Why pick the cheaper jack? Why use cheesy pots? A high-end instrument should have high-end jacks and pots, among other things. We don't chintz you out on the stuff you can't see. That bridge is solid milled brass. That control cavity is completely copper lined, star grounded, and even has an anti-shock circuit in it. Those knobs? Ebony. Why? Because we care, and because we can. Nobody here asks why we buy pricey parts and hand-selected materials. And nobody who owns a Birdsong questions that either. :) 

The human element...
Sadly lost in the hustle and underappreciated is the concept of a craftsperson making something with devotion and good intent, and getting a fair price for something with some character to it. This contrasts with the "shopper's ideal" of perfect shine, lots of flash, right name brand and a discount big box store price. Who really made it? What's really under the gloss? Who cares. Well, we do! The Chinese & Koreans are turning out some fine instruments, but so often this is "perceived quality"; a flawless finish and good looking chrome is nice, but not if it's on a five-piece body of the cheapest wood money can buy and the hardware is all cheap cast or bent steel. And I'm sorry, no matter how many sweaty workers' arms on an assembly line perform their tasks, that's NOT "Hand Crafted", no matter what the label says. The cheapness will dog you long after you've forgotten how inexpensive it was. 
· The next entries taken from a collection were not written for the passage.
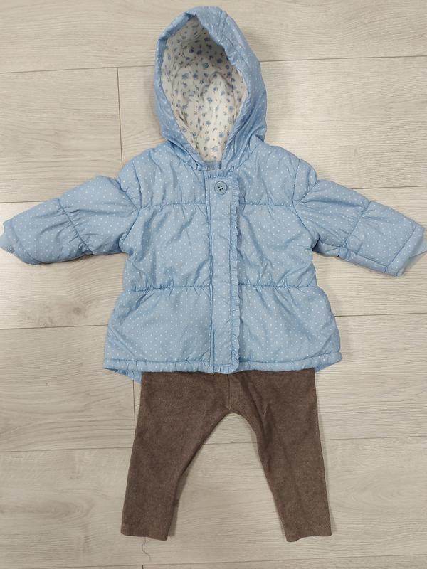 Куртка на девочку. Фирма next. Размер 6-9 мес. Но будет дольше. Замеры: рукав от плеча: 22 см., от горловины - 28 см., на рукаве резиночка. длина спереди: 30 см., по спинке:37 см. (спинка удлинённая). Ширина в груди: 24 см. Подкладка-хлопок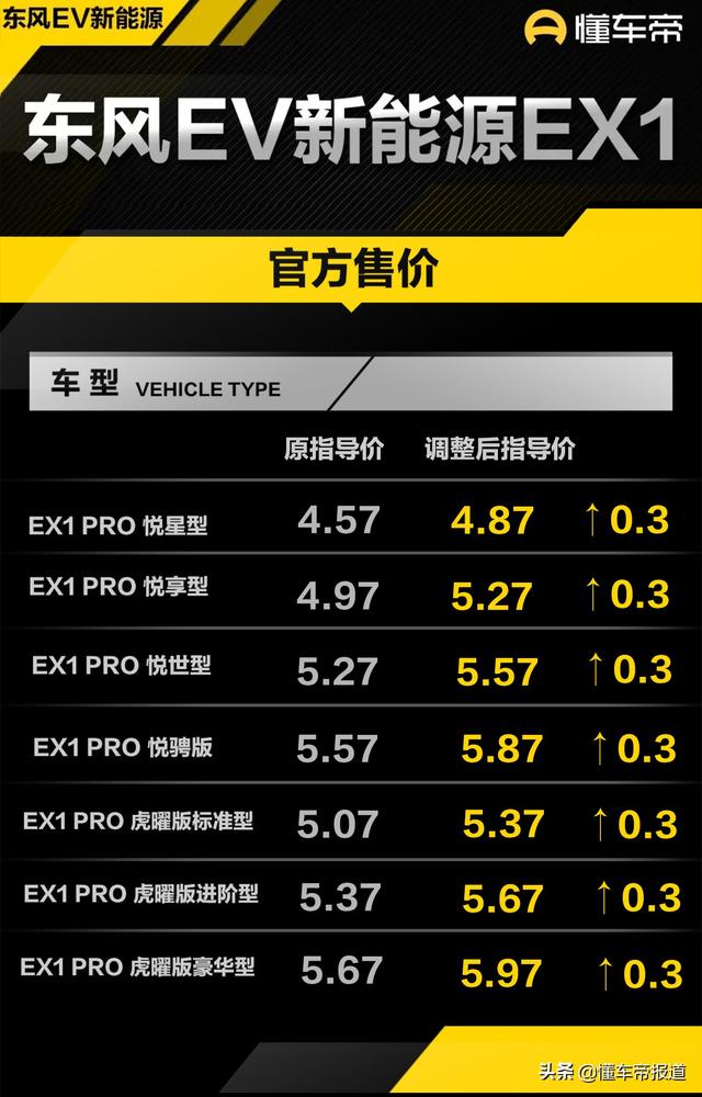 [懂车帝原创 产品] 日前,东风EV新能源宣布,东风EX1 PRO售价调整,全系车型价格涨幅均为3000元,调整后售价区间为4.87万-5.97万元。东风EV新能源表示,本次调价与全球供应链紧缺以及上游原材料价格持续大幅上涨有关,新价格将于5月20日零时起生效。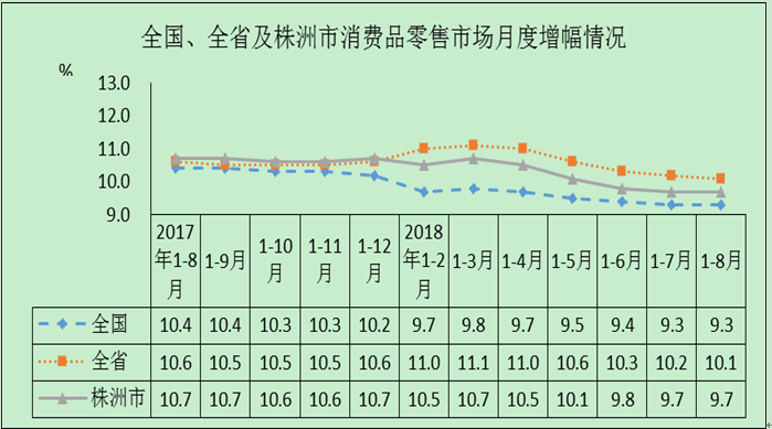 2、与其他市州比较。1-8月社会消费品零售总额增幅较上月回落0.1个百分点的有6个,分别为湘潭、衡阳、常德、张家界、怀化和娄底;回落0.2个百分点的有2个,分别郴州和永州;持平的有6个,分别为长沙、株洲、邵阳、岳阳、益阳和湘西。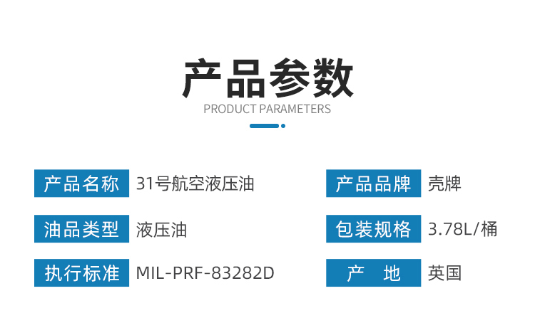 殼牌31號航空液壓油英文全稱AeroShell Fluid 31,是一種以聚α烯烴為基礎油的合成航空液壓油。該油符合美國軍事標準MIL-PRF-83282D執行標準,是新一代制式耐燃液壓油之一,在業內占有重要比重。該油主要用于高溫環境下的航空用于系統,對提升飛機特別是地空執行任務飛機的安全性來講有著重要的意義。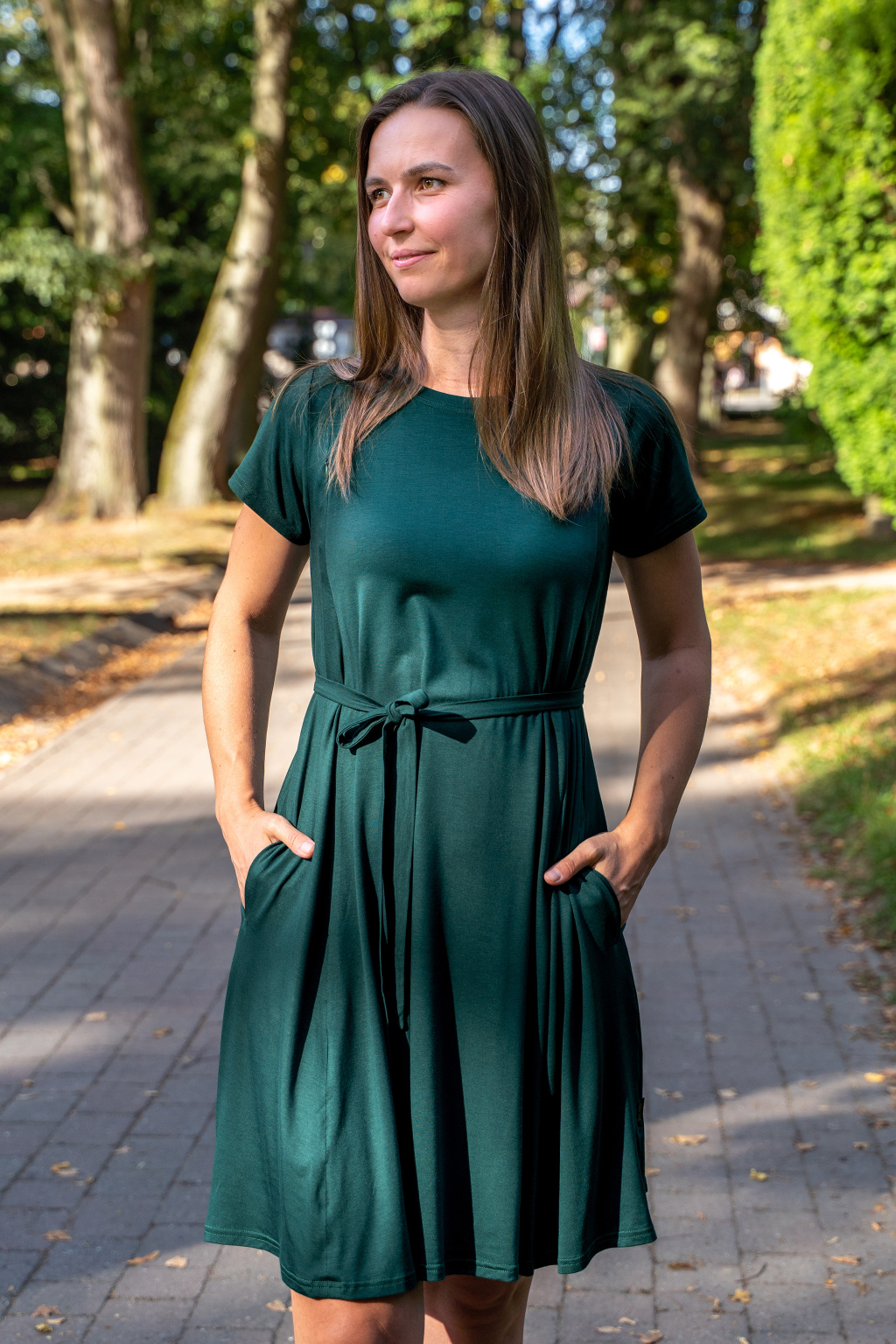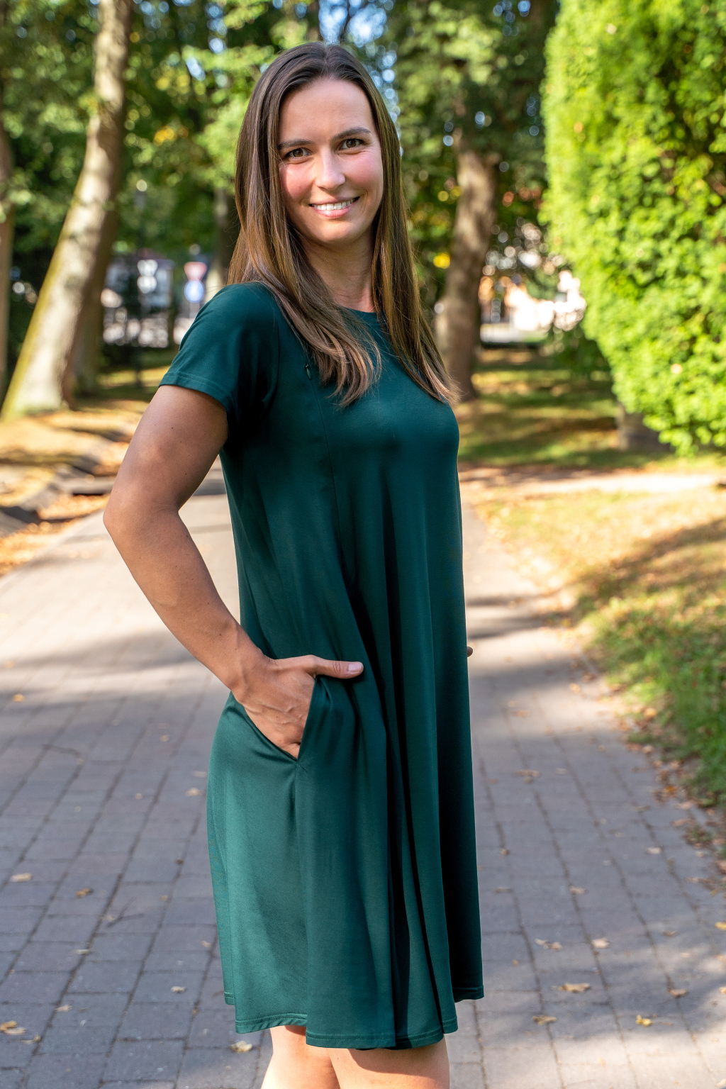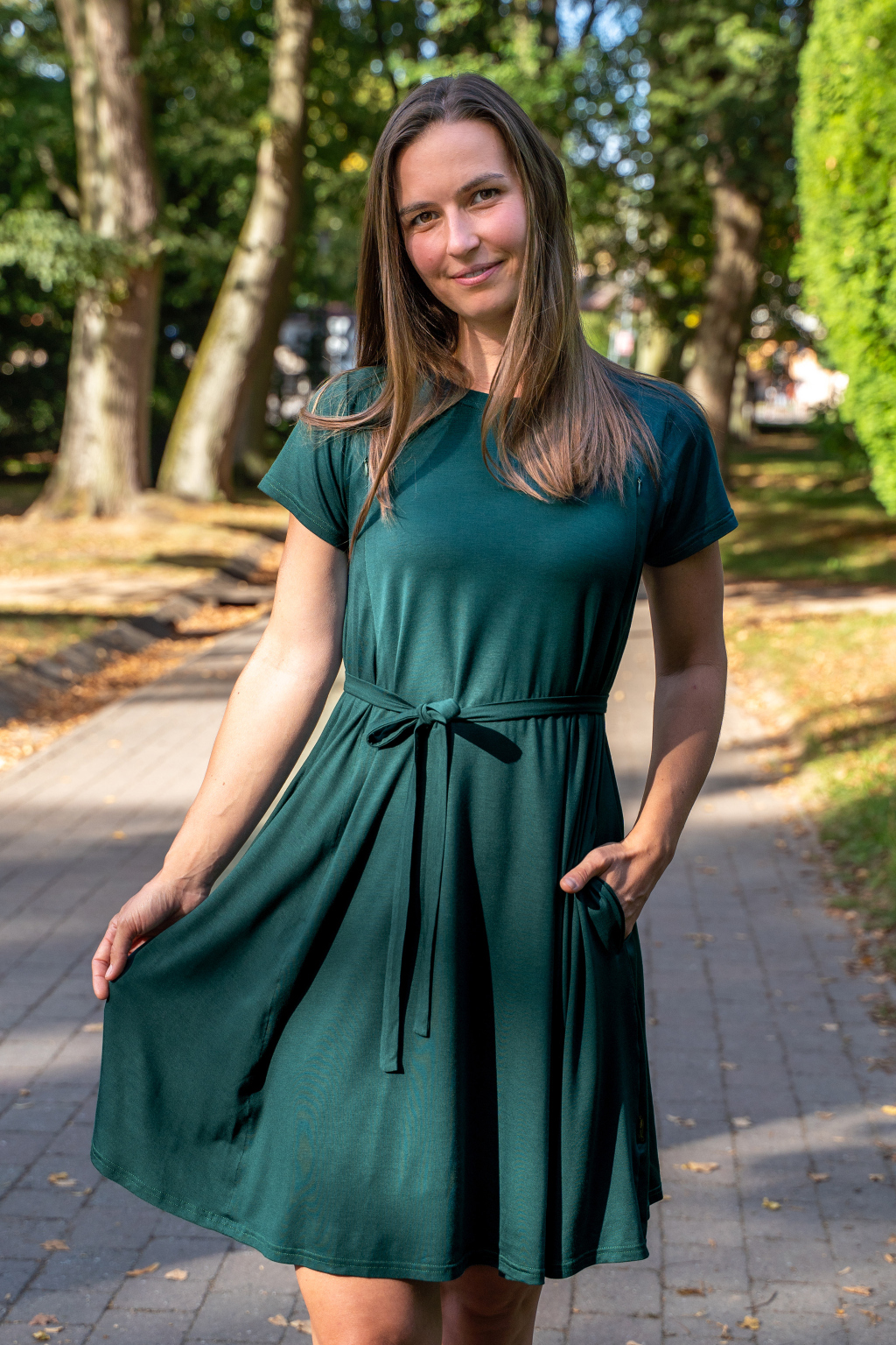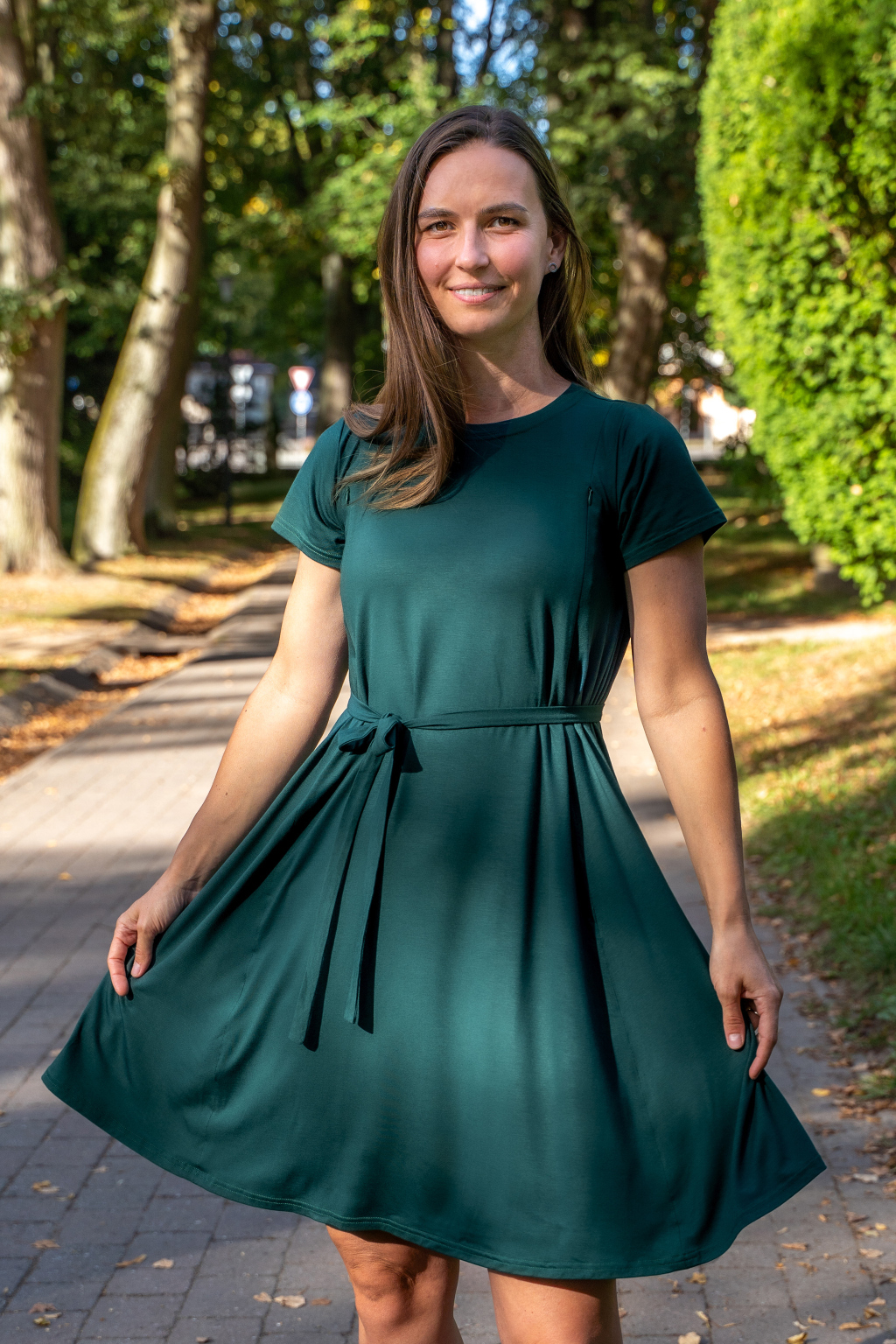 Bambusové kojicí šaty se skrytými zipy – smaragdově zelené

And I think perfection is highly overrated... frets? Function? Performance? Aim really high. But I remember the first real hand-worked guitar I had, a late '70s B.C. Rich in solid quilted Maple. If you ran your fingers over just the right spot, you could feel that this piece of wood was shaped by somebody's hands. It wasn't sloppy, it wasn't poorly done, it was really really nice... but it had character to it and you could feel that it was fine handwork vs. machine perfect. "Somebody made this." I've never forgotten that. I got it; it meant something to me. 

So we hand build instruments.
Does this mean we start with an axe and a forest? Do we have a foundry, and mill every screw? Of course not. But we're also not just slinging that buzzword around... and screwing together the ubiquitous Fender copy from catalog parts. There are no assembly  lines, no conveyor belts, no robotics. What we don't obtain as parts  engineered to our specifications must be selected and bought as  materials, then cut and shaped. And it's all fitted & finished by hand. OUR hands. We have nothing more fancy than you'd find in a good basic wood shop. The sawdust doesn't lie; in our shop it could be 40 years ago!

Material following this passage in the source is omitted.